DIAGEN co., Poland
ScientificTracks Abstracts: Qual Prim Care
Congenital heart diseases (CHD) are the most common malformations both as an isolated form and a part of genetic syndromes. Extraordinarily fast development of molecular genetics confirms that almost all CHD are genetically dependent in terms of microaberrations in different regions of a chromosome or single gene mutations. On the other hand, CHD are an important component of diverse genetic diseases, including monogenic, metabolic and mitochondrial disorders, most often as secondary cardiomyopathies. The genes participating therein are located nearly on each chromosome, mainly on pathways, along with ligand genes and co-factors, transcription factors or individually. Many mechanisms on heart development are based on the balance between apoptosis, proliferation and migration. Crucial genes controlling fetal development, including the creation of heart tube and the forming of left and right ventricular outflow is primary “homeobox” genes grouped in 4 clusters hox1-4. Other genes condition the forming of different structures.

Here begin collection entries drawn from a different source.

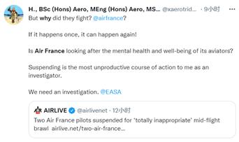 航空从事者@H., BSc (Hons) Aero, MEng (Hons) Aero, MSc:飞行员为何发生争执?如果此类事件发生了一次,就意味着会再次发生。法航是否在关注飞行员的心理健康和待遇福祉问题?对一名调查员来说,停职是最无用的解决方式,我们迫切需要调查。
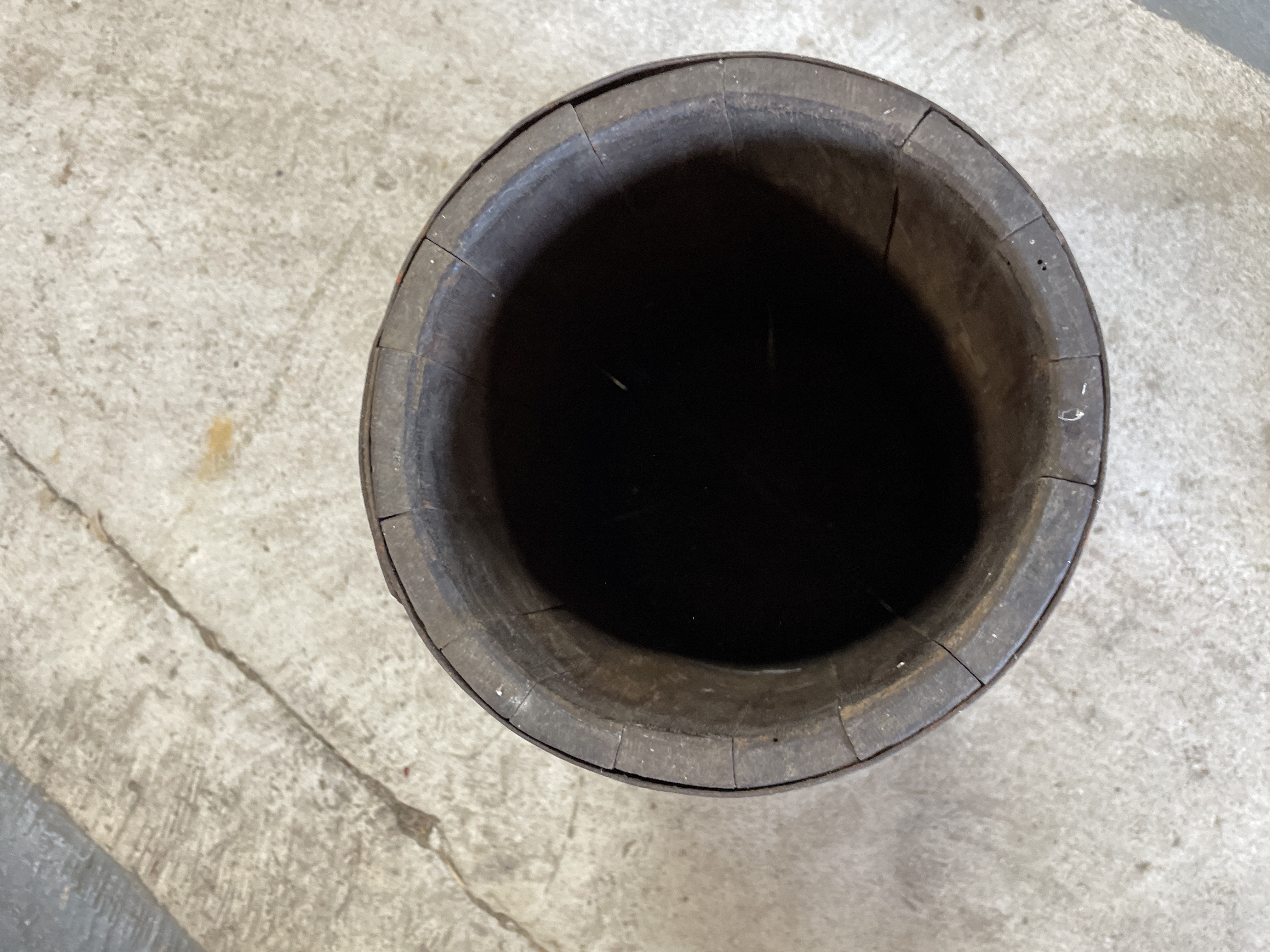 An antique primitive dash butter churn assembly constructed of darkened, stained wood. The main body consists of a stave-built cylindrical barrel reinforced by two dark metal hoops. The churn includes its original components: a circular wooden lid and a matching dasher mechanism. The dasher features a long wooden rod terminating in a thick, circular wooden paddle or plunger, which is pierced by four drilled agitation holes designed to facilitate the churning process. The assembly displays characteristics consistent with early, functional farm implements. No manufacturer or period markings are visible.
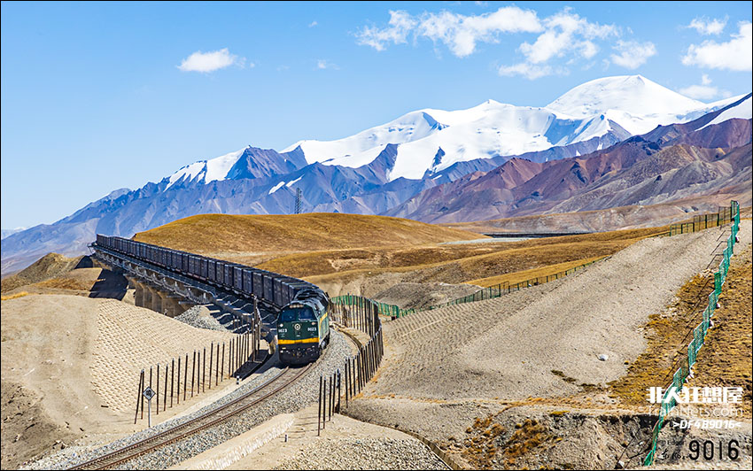 2024年10月,NJ2机车牵引货运列车在身后玉珠峰皑皑白雪的映衬下翻越昆仑山口,迈着轻快的步伐向山下驶去。
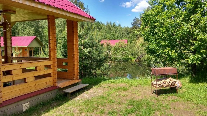 В вашем распоряжении гектар земли, естественно огороженный смешенным лесом, и собственный пруд. Уютные домики снабжены всем необходимым: кроватями, санузлом с душевой, wi-fi и другими удобствами. Домики стоят отдельно, на берегу пруда, у каждого есть открытая веранда.
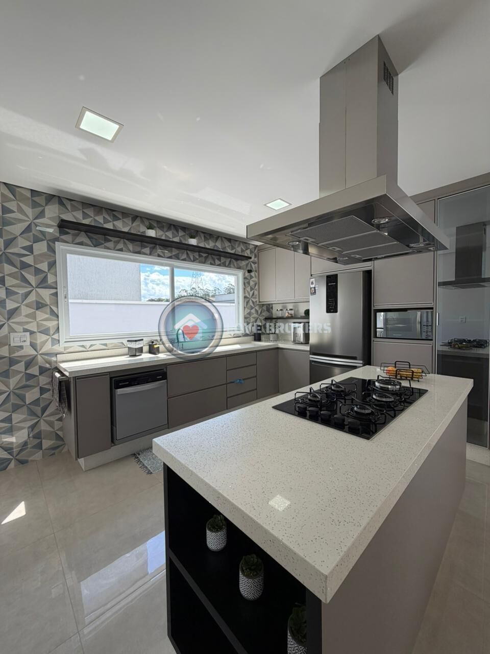 - Cozinha com ilha central e cooktop instalado
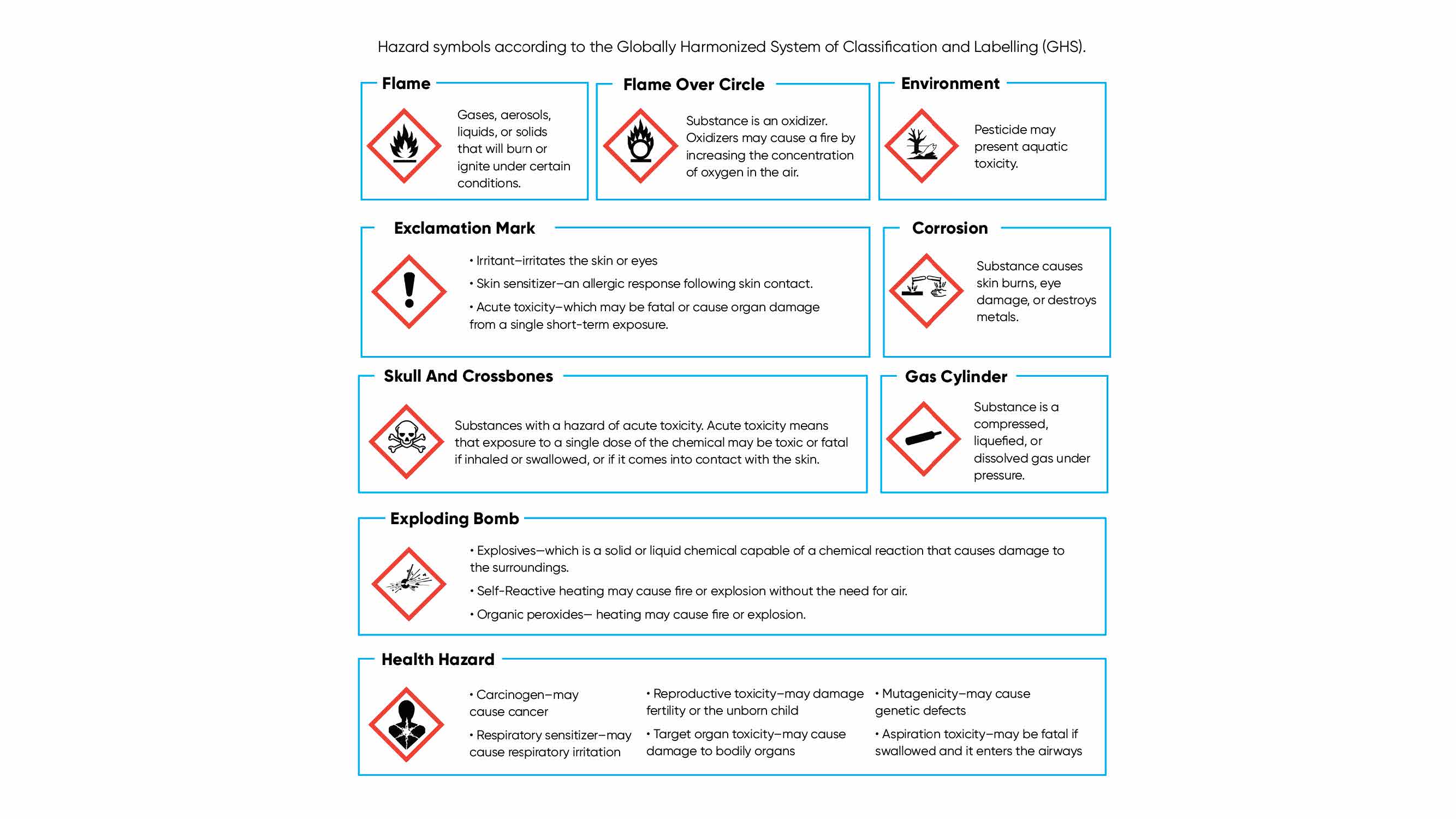 South Africa recently implemented the Globally Harmonised System of Classification and Labelling (GHS) for hazardous chemical products. This also includes crop protection products e.g., fungicides, insecticides and herbicides. The GHS is an international system that the United Nations (UN) established for the unified classification and labelling of chemicals.
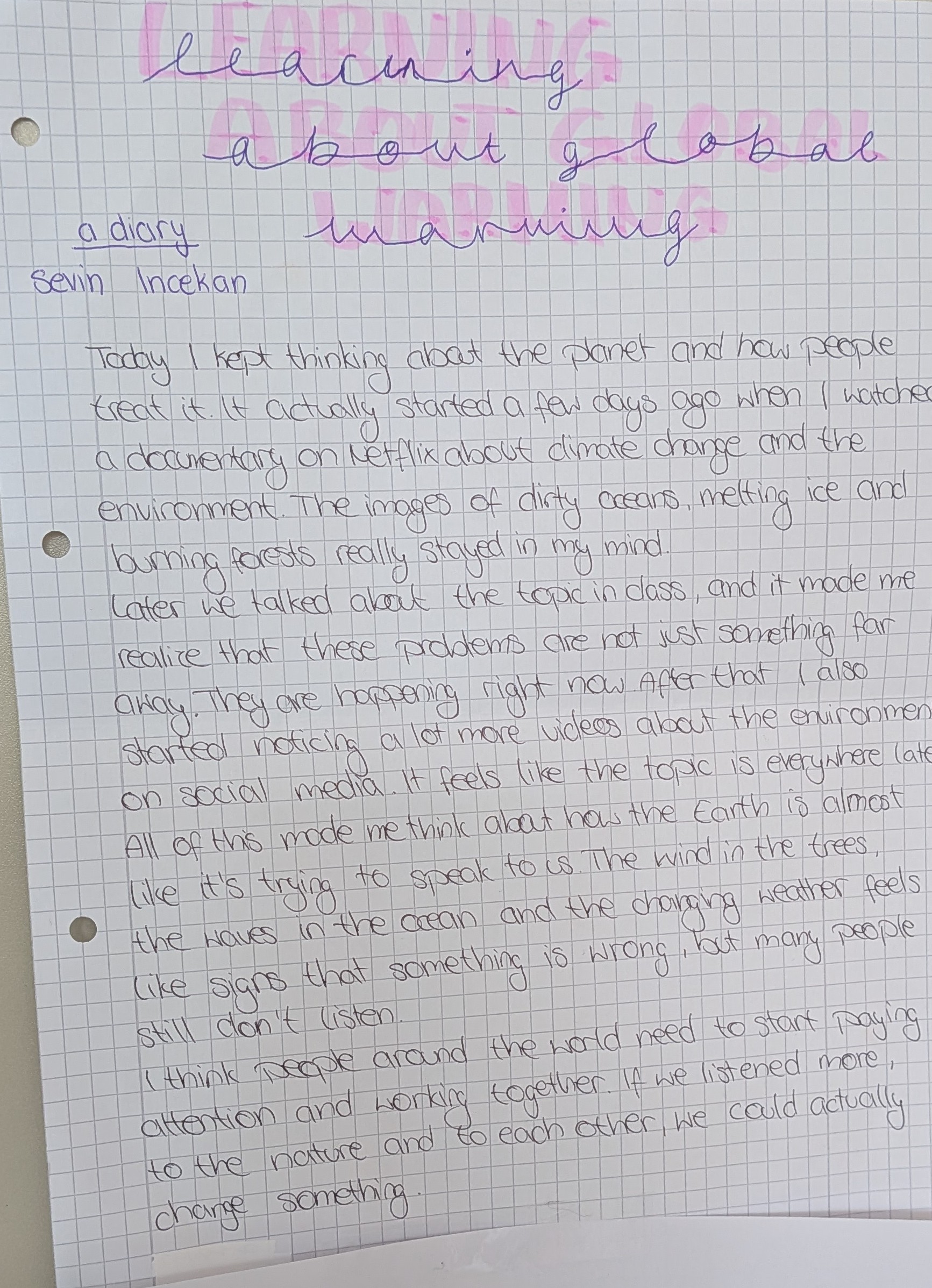Die Schüler*innen haben mit großem Engagement gearbeitet und ihrer Kreativität freien Lauf gelassen. Entstanden sind beeindruckende Texte, in denen sie Empathie und Perspektivwechsel geübt haben – Fähigkeiten, die für das Verständnis globaler Herausforderungen von zentraler Bedeutung und Voraussetzung für eine verantwortungsvolle Beteiligung in der globalen Gesellschaft sind.

The key process for activating consecutive genes is methylation. Methyl groups originate from the metabolic cycle of folic acid, where the main gene is MTHFR. Moreover, in numerous functional disorders, for example the Arrhythmia or block, the reason is also genetic, namely the mutation of ion-channel gene placed in 6 chromosomes. Now we have over 1500 mutations. Many genes of cardiogenesis were identified, thanks to the investigations of other genetic disorders, for example: PTPN11 gene in Noonan syndrome. The gene is also responsible for the development of pulmonary valves. TBX5 gene in Holt-Oram syndrome. Presently the most promising method is NGS technology, where we can perform hundreds of mutations at a time. Heart development is also affected by the imprinting (about 30 genes) and the inactivation of the X chromosome in day 21 stage of embryo. We propose, for e.g. a practical classification could refer to specific CHD characteristic of particular disorders, which might prove helpful in daily practice because in prenatal diagnosis CHD is often the sole syndrome confirmed by USG scan, which may depend on truly isolated nature or non-specific mild ultrasound co-markers.
Krzysztof Piotrowski is a Specialist in Clinical Genetics. He has completed his PhD with a dissertation on fetal echocardiography. Putting his knowledge into practice, he performs about 3500 USG investigations of gravidas annually for prenatal diagnosis. He has published many scientific papers and chapters covering prenatal diagnosis. For the last nine years he was the Manager of Cytogenetic Unit for Pomeranian Medical University, Szczecin, Poland. Since 2012, he established a new and independent Genetic Center named as DIAGEN co., which includes Cytogenetic and Molecular laboratories. He was the Vice-President of the prenatal diagnosis section of the Polish Society of Human Genetics for six years. He also participated in many investigation programs.